What this task involves =
Write out again, word for word, the lines below from the line that holds "Набор из 6 металлических" through the line that holds "Перед тем как", omitting pictures.

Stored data
☆ ☆ ☆ ☆ ☆ ☆ ☆
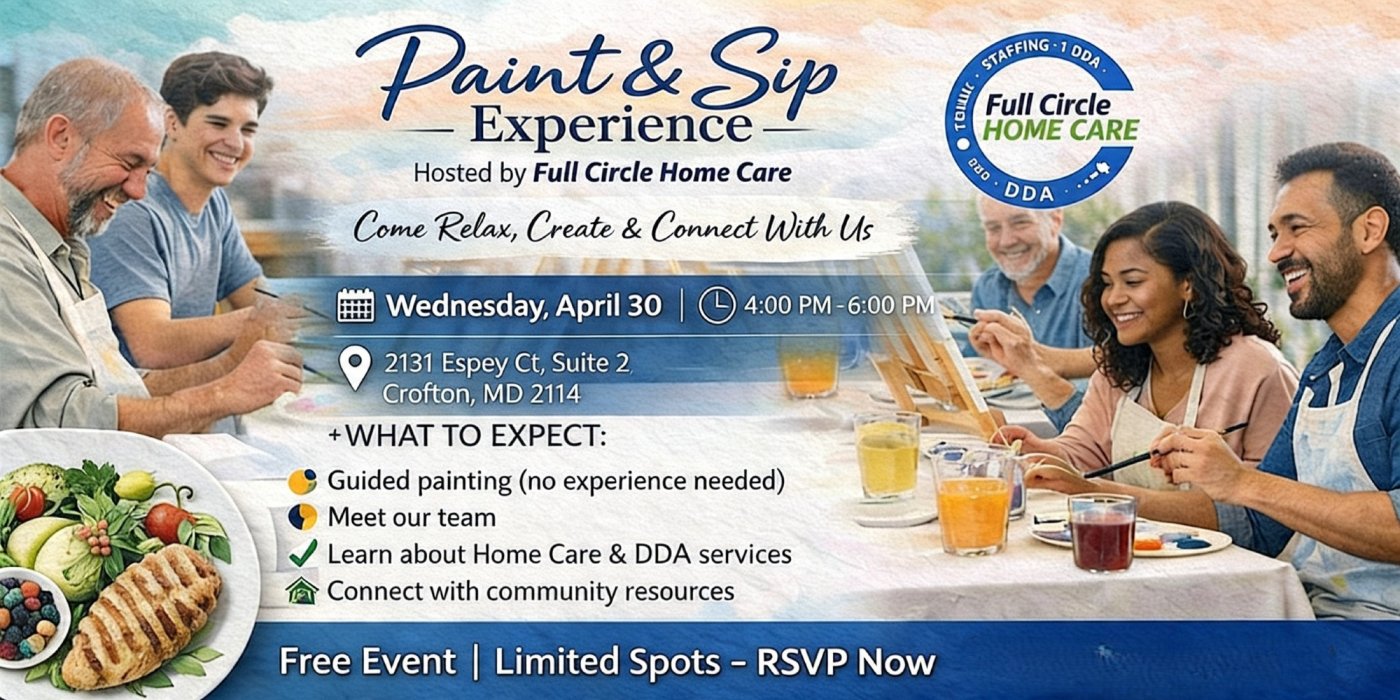 Join Full Circle Home Care for a relaxing Paint & Sip Experience! Enjoy a guided painting session, connect with our team, and learn about our Home Care and DDA services while building meaningful community connections.
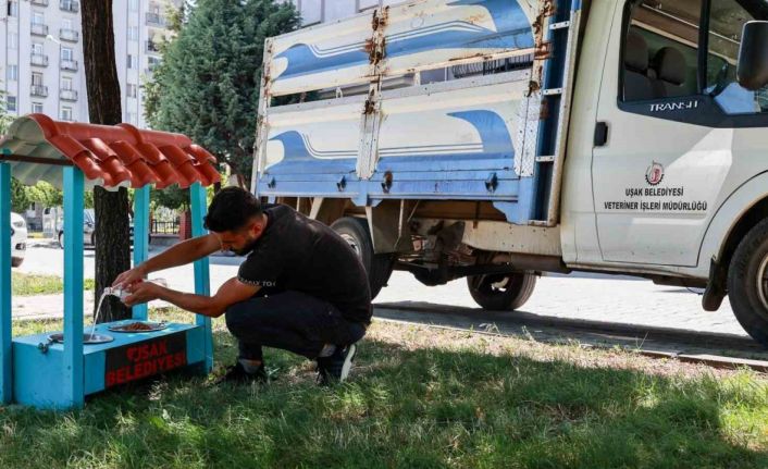 Uşak Belediyesi, sıcak yaz aylarında sokaklarda ve doğada su ve yiyecek bulmaya zorlanan sokak hayvanları unutmadı.
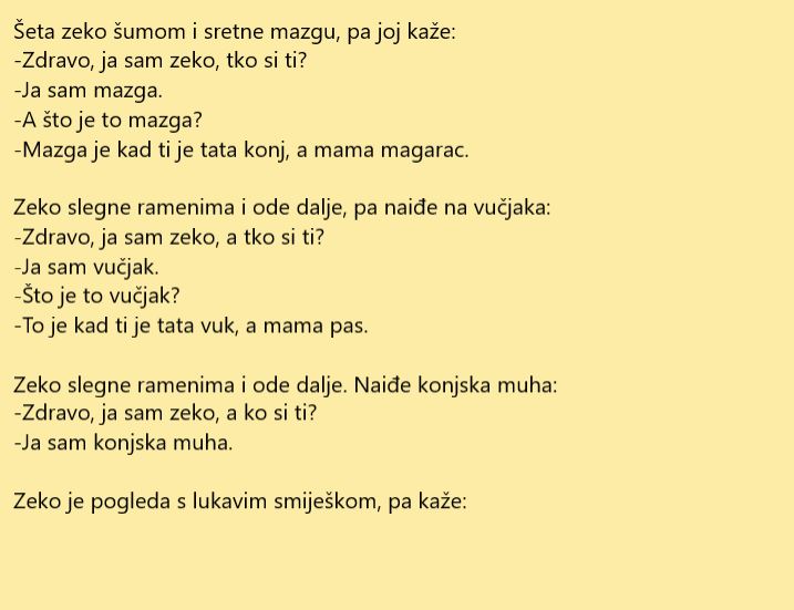 Ova priča je u suštini jedna basna gdje životinje poprimaju ljudske osobine i mogu da pričaju. U današnjoj priči imamo glavnog junaka, zeku koji je šetao šumom i sretao razne živoinje. Nije znao ko su te životinje pa ih je pitao. Kada je došao do konjske muhe, njen odgovor ga je nasmijao od srca.
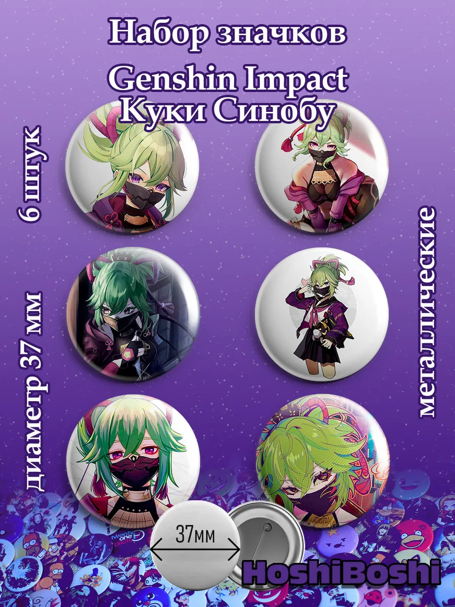 Набор из 6 металлических значков с изображениями из игры Геншин Импакт ( Genshin Impact ).
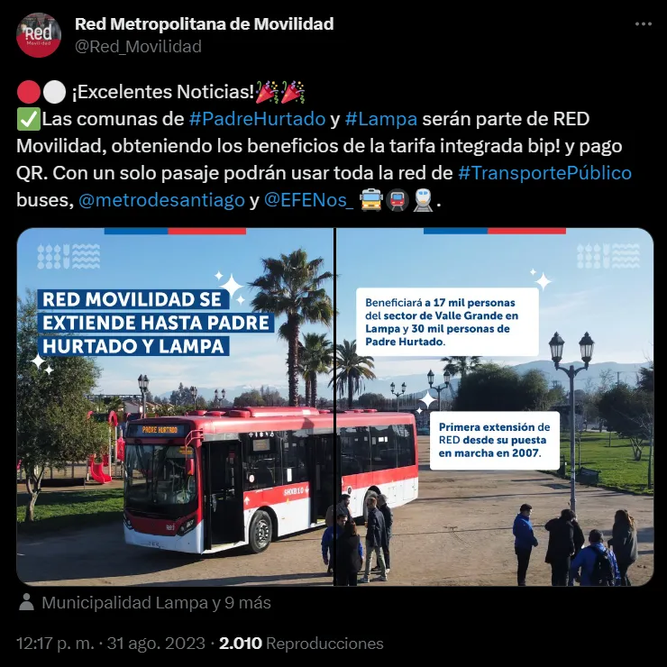 Con esta ampliación en los servicios de la Red Movilidad, la cobertura de transporte ahora será de 36 comunas. Las originales 32 del “Gran Santiago”, además de San Bernardo, Puente Alto y las dos nuevas comunas ubicadas fuera del radio urbano de Padre Hurtado y Lampa.
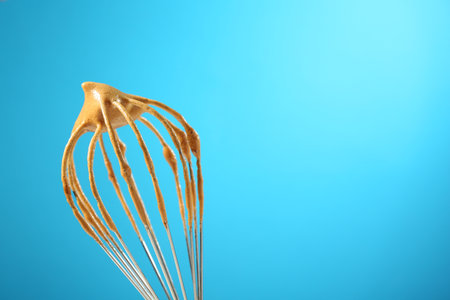 Making delicious dalgona coffee. Whisk with cream on light blue background, closeup. Space for text
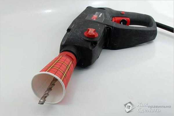 Перед тем как начать сверлить, позаботьтесь о том, чтобы пыль и песок, не попали в патрон перфоратора. Для этой цели можно натянуть на сверло одноразовый стаканчик, или половинку резинового мячика, а потом сверлить.
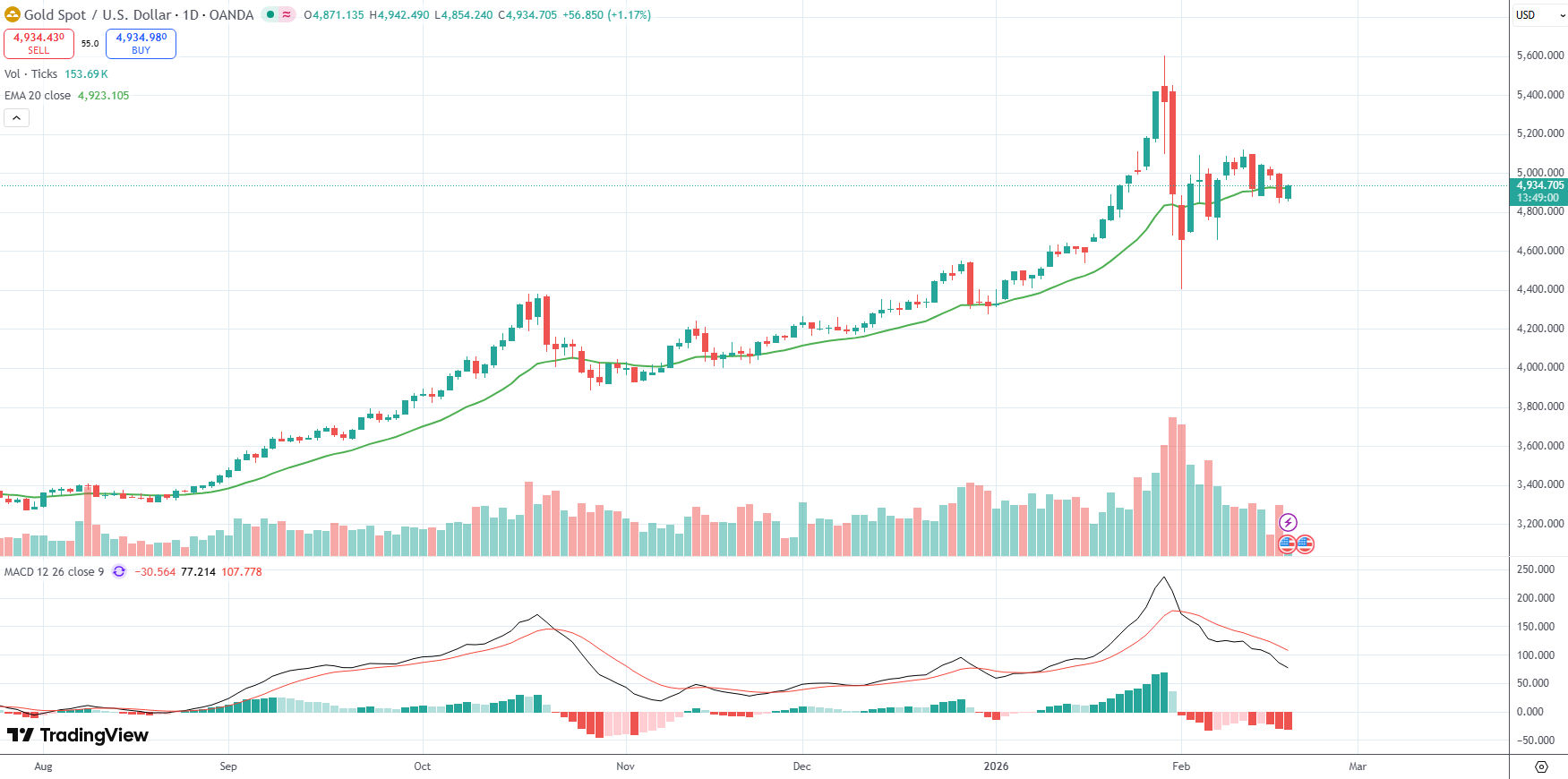 Spot Gold rebounded from a 1-week low of $4,842.60/oz. on Wednesday, as investors awaited the minutes from the Federal Reserve’s January meeting, which may provide fresh clues over monetary policy trajectory.
☆ ☆ ☆ ☆ ☆ ☆ ☆
Task solution =
 Набор из 6 металлических значков с изображениями из игры Геншин Импакт ( Genshin Impact ).
 Con esta ampliación en los servicios de la Red Movilidad, la cobertura de transporte ahora será de 36 comunas. Las originales 32 del “Gran Santiago”, además de San Bernardo, Puente Alto y las dos nuevas comunas ubicadas fuera del radio urbano de Padre Hurtado y Lampa.
 Making delicious dalgona coffee. Whisk with cream on light blue background, closeup. Space for text
 Перед тем как начать сверлить, позаботьтесь о том, чтобы пыль и песок, не попали в патрон перфоратора. Для этой цели можно натянуть на сверло одноразовый стаканчик, или половинку резинового мячика, а потом сверлить.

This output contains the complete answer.